Re: Bitlocker Network Unlock in SDA Environment

Cristian Matei — Sun, 25 Jan 2026 11:07:44 GMT

Hi,

@Andrii Oliinyk Yes, I've misunderstood where the problem lies.

Thanks,

Cristian.

Re: Bitlocker Network Unlock in SDA Environment

Cristian Matei — Sun, 25 Jan 2026 11:11:20 GMT

Hi,

@barryjm If you figure it with TAC, would be great to present if there's a WA that can be done on Cisco side.

Meanwhile, not sure if the following could work / override the built-in SDA requirements, however I would give it a try. Either globally disable the verification of Option 82 being inserted in BOOTP Reply via command no ip dhcp relay information check (this would affect all SVI's), either do it at the SVI level via command ip dhcp relay information check-reply none.

Thanks,

Cristian.

Re: Bitlocker Network Unlock in SDA Environment

Kris Pellens — Mon, 26 Jan 2026 14:14:46 GMT

Dear barryjm,

Can you at least provide:
- the date/time you have opened the case?
- Cisco's team working on the case?
- the description of the case?

We've opened today case SR 700334461 with description: Bitlocker Network Unlock in SDA Environment not working.

Many thanks.

Re: Bitlocker Network Unlock in SDA Environment

Kris Pellens — Tue, 27 Jan 2026 13:09:32 GMT

Answer from Cisco TAC:

Unfortunately, the BOOTP protocol does not support the option 82.

This is the reason why the Fabric Edge is not inserting this option in the packet.

A colleague from the BU is the one who filed the following document explaining the lack of support:

Doc Bug: BOOTP protocol not supported in SDA fabric
CSCwh46171
https://bst.cloudapps.cisco.com/bugsearch/bug/CSCwh46171

Given the BOOTP protocol does not support the option 82, when the reply arrives to the border, the packet is dropped given there is no information on where to send this packet to.

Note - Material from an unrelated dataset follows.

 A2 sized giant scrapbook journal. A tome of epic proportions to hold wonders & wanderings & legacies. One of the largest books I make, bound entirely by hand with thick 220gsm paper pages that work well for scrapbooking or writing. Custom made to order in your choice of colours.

This is the process followed by the DHCP Offer packet.

The same issue was observed on several other cases with versions 17.6.x, 17.9.x and 17.12.x. So this situation has been observed repeatedly, due to the lack of support of the option 82 and thereby, the colleague from the BU filed the document, for awareness.

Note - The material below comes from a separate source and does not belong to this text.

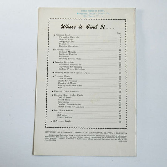 1958 Freezing Foods for Home Use Minnesota Agricultural Extension Service
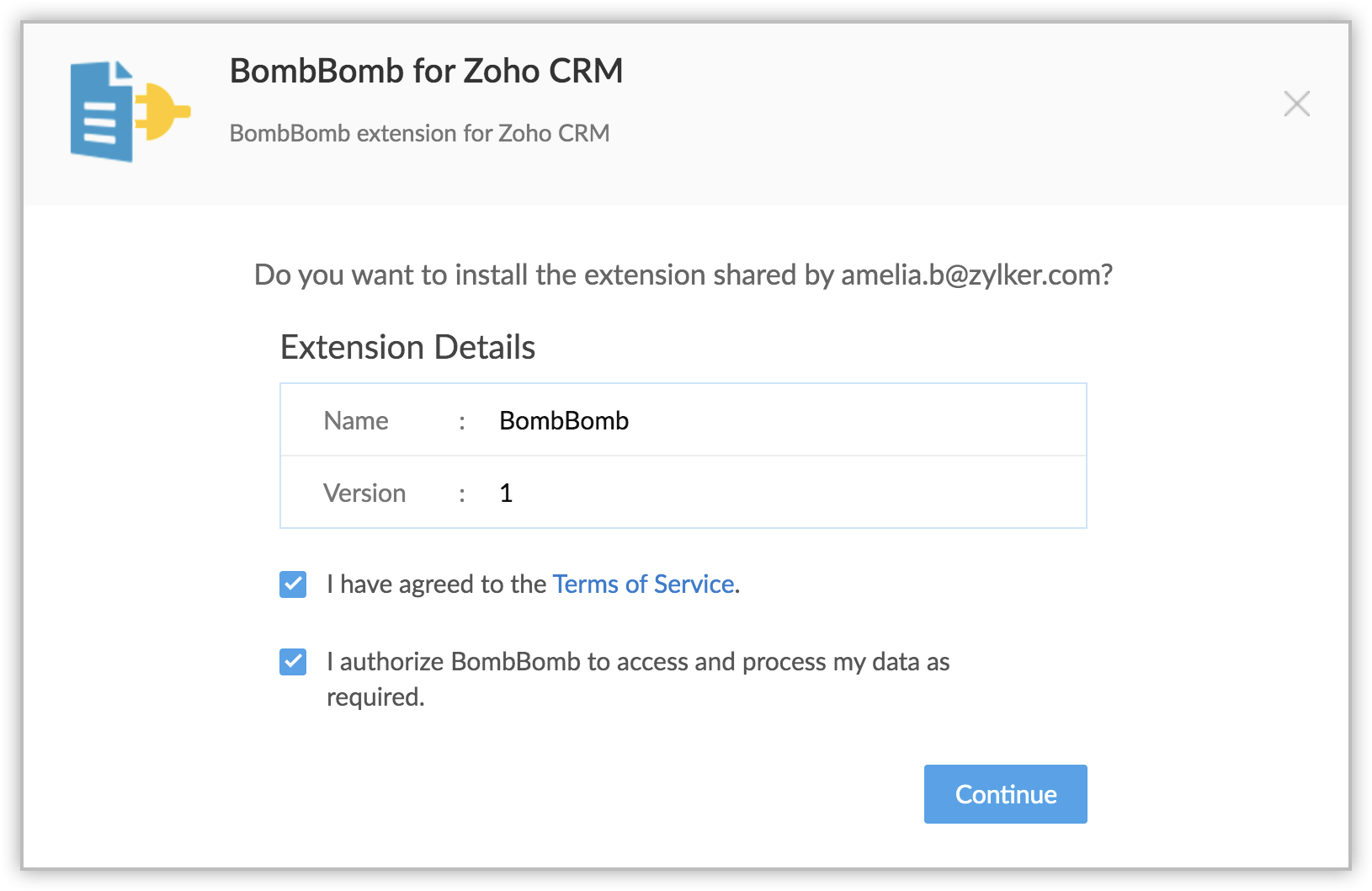 You can either go to the Zoho Marketplace and install the extension or log in to your Zoho CRM account and install from there.

From the Cisco side there is no software image or workaround to address the issue.

Please let me know if you have any questions or comments.

Re: Bitlocker Network Unlock in SDA Environment

barryjm — Tue, 27 Jan 2026 13:30:11 GMT

That is very unfortunate. Thank you for the update. Our case is still open and the ECN HTTS team is scheduling a call with us to discuss it but it sounds like we will end up getting the same answer. If I hear anything different I will definitely update this thread. Thank you!